Exercise = Omit the images and output every line of the data below exactly.

Source material =
┄┄┄┄┄┄┄┄┄┄┄┄┄┄┄┄┄┄┄┄

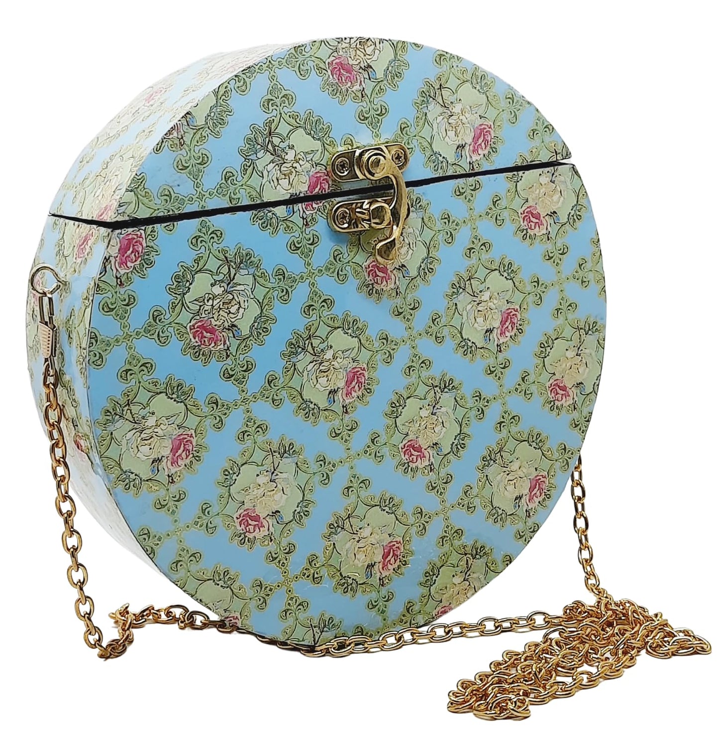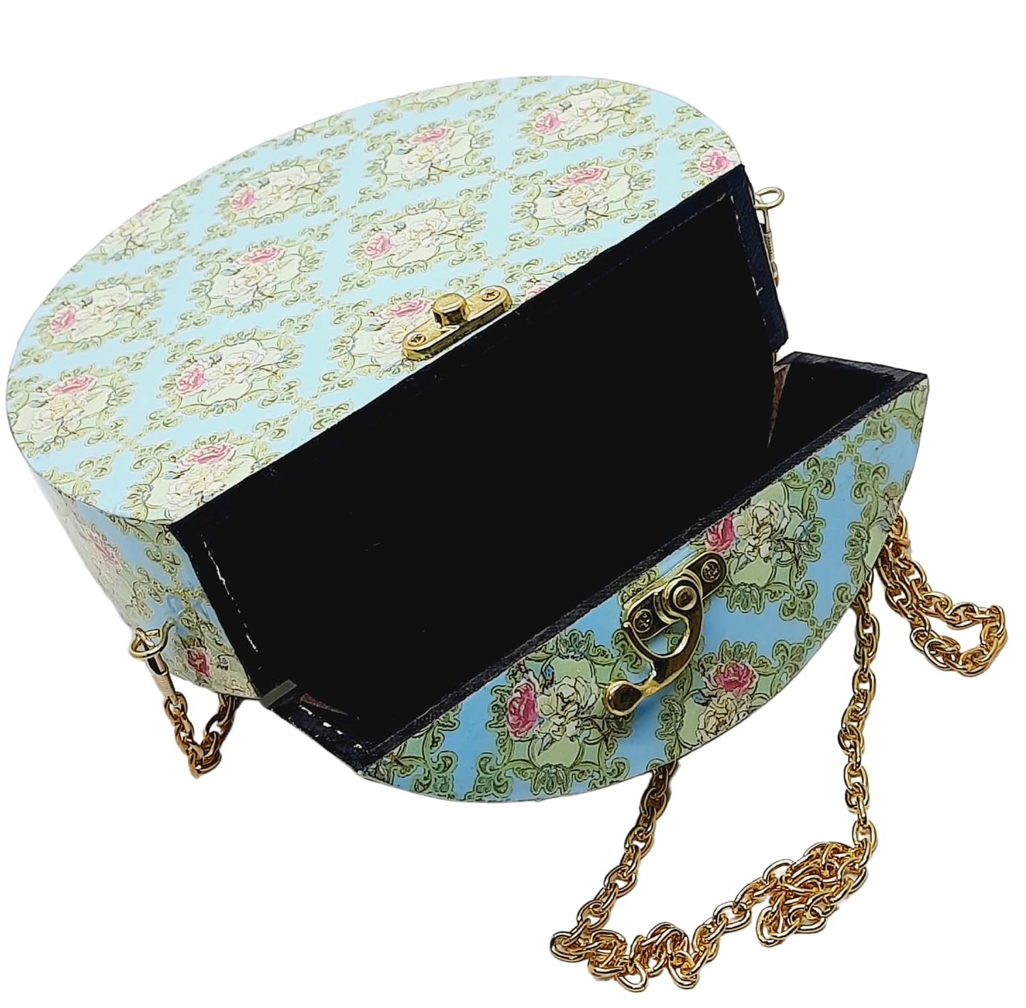 Trend Overseas Handmade Wooden Printed Clutch Crossbody Bag | Detachable Chain | Light Weight | Ethnic Look | Party Bridal Bag
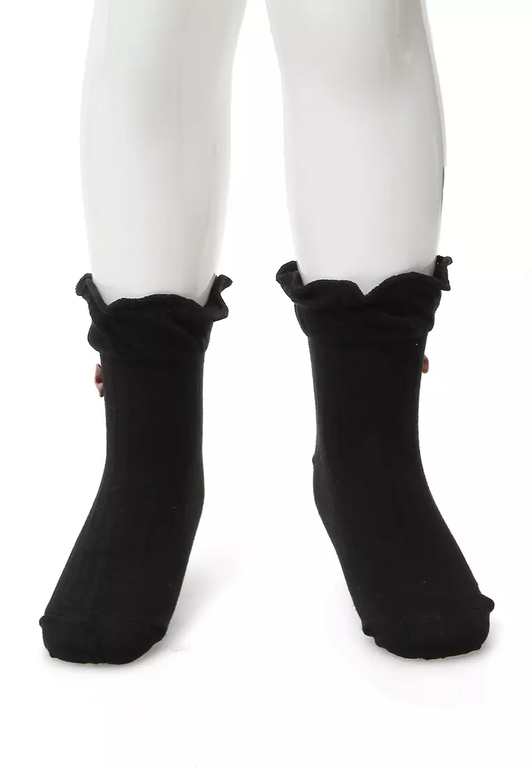 Candie Kaos Kaki Pendek Anak Wanita Bow Tie Ruffle Children's Socks Comportable Material Cotton ORIGINAL - Black
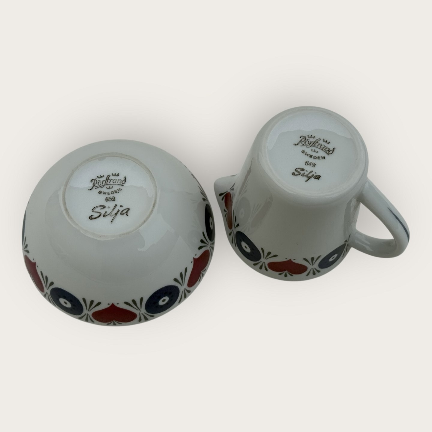 Rörstrand, Silja, Zucker- und Sahneset, Design Marianne Westman, Kännchenhöhe 7,5 cm, Zuckerdose Durchmesser 9,8 cm *Guter Zustand*
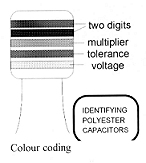 You may still come across colour coded capacitors in older equipment and the chart on the separate sheet will help in their identification.
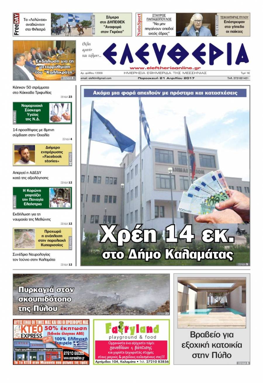 Το πρωτοσέλιδο της "Ελευθερίας" - Παρασκευή 21 Απριλίου 2017 Για να κατεβάσετε το αρχείο πατήστε πάνω στο κουμπί που γράφει download pdf
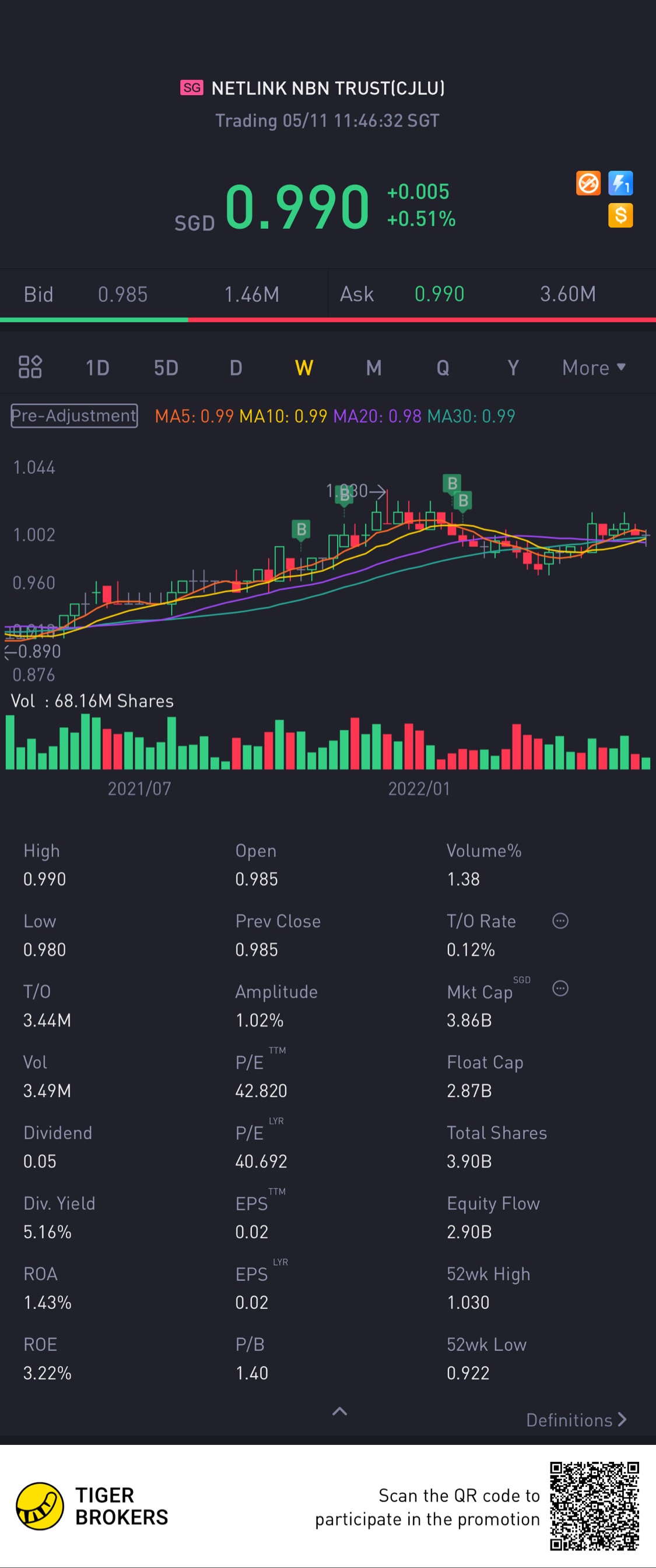 $NETLINK NBN TRUST(CJLU.SI)$Flat.
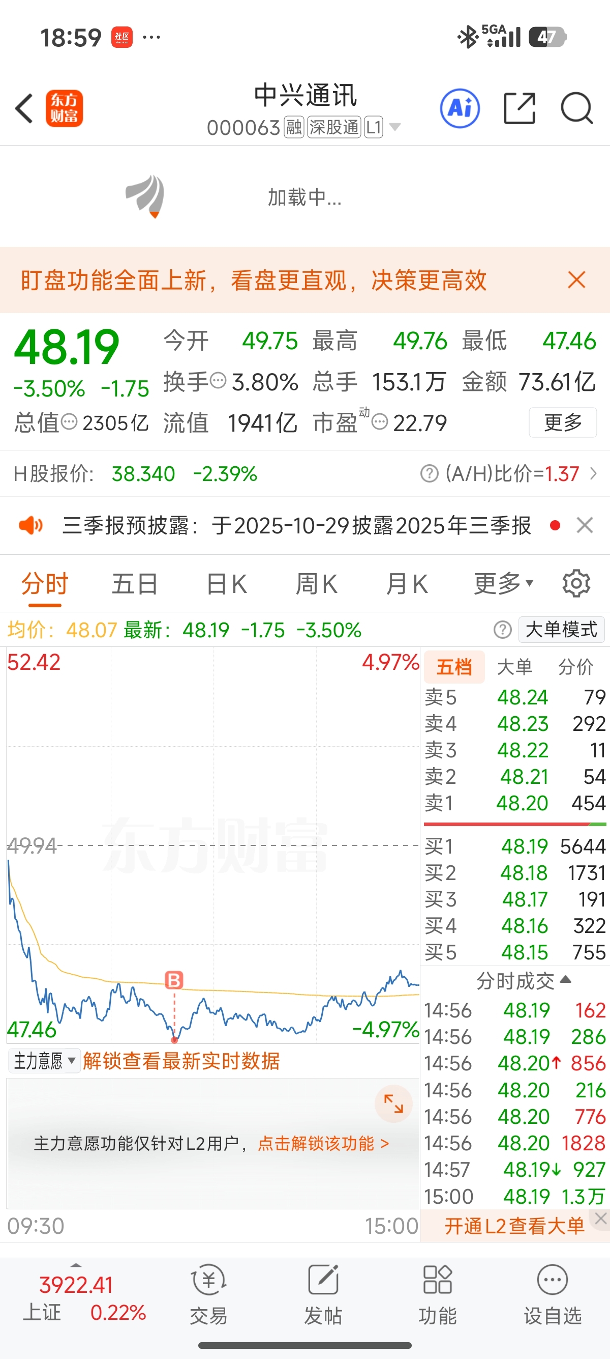 $中兴通讯(SZ000063)$ 47.5买入,看看明天能不能涨点上50。
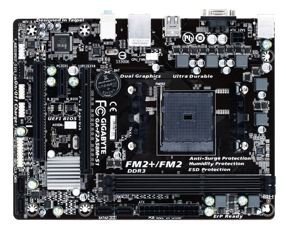 GIGABYTE FM2+ series motherboards based on AMD A58 chipset and feature the new FM2+ APU socket, and are designed to get the most from forthcoming Kaveri AMD APUs, while preserving compatibility for current AMD FM2 APUs. FM2+ AMD APUs offer native support for 8 GT/s PCI Express gen 3.0 as well as DX11.1 support integrating the high performance 'Steamroller' core.

┄┄┄┄┄┄┄┄┄┄┄┄┄┄┄┄┄┄┄┄

Output =
 Trend Overseas Handmade Wooden Printed Clutch Crossbody Bag | Detachable Chain | Light Weight | Ethnic Look | Party Bridal Bag
 Candie Kaos Kaki Pendek Anak Wanita Bow Tie Ruffle Children's Socks Comportable Material Cotton ORIGINAL - Black
 Rörstrand, Silja, Zucker- und Sahneset, Design Marianne Westman, Kännchenhöhe 7,5 cm, Zuckerdose Durchmesser 9,8 cm *Guter Zustand*
 You may still come across colour coded capacitors in older equipment and the chart on the separate sheet will help in their identification.
 Το πρωτοσέλιδο της "Ελευθερίας" - Παρασκευή 21 Απριλίου 2017 Για να κατεβάσετε το αρχείο πατήστε πάνω στο κουμπί που γράφει download pdf
 $NETLINK NBN TRUST(CJLU.SI)$Flat.
 $中兴通讯(SZ000063)$ 47.5买入,看看明天能不能涨点上50。
 GIGABYTE FM2+ series motherboards based on AMD A58 chipset and feature the new FM2+ APU socket, and are designed to get the most from forthcoming Kaveri AMD APUs, while preserving compatibility for current AMD FM2 APUs. FM2+ AMD APUs offer native support for 8 GT/s PCI Express gen 3.0 as well as DX11.1 support integrating the high performance 'Steamroller' core.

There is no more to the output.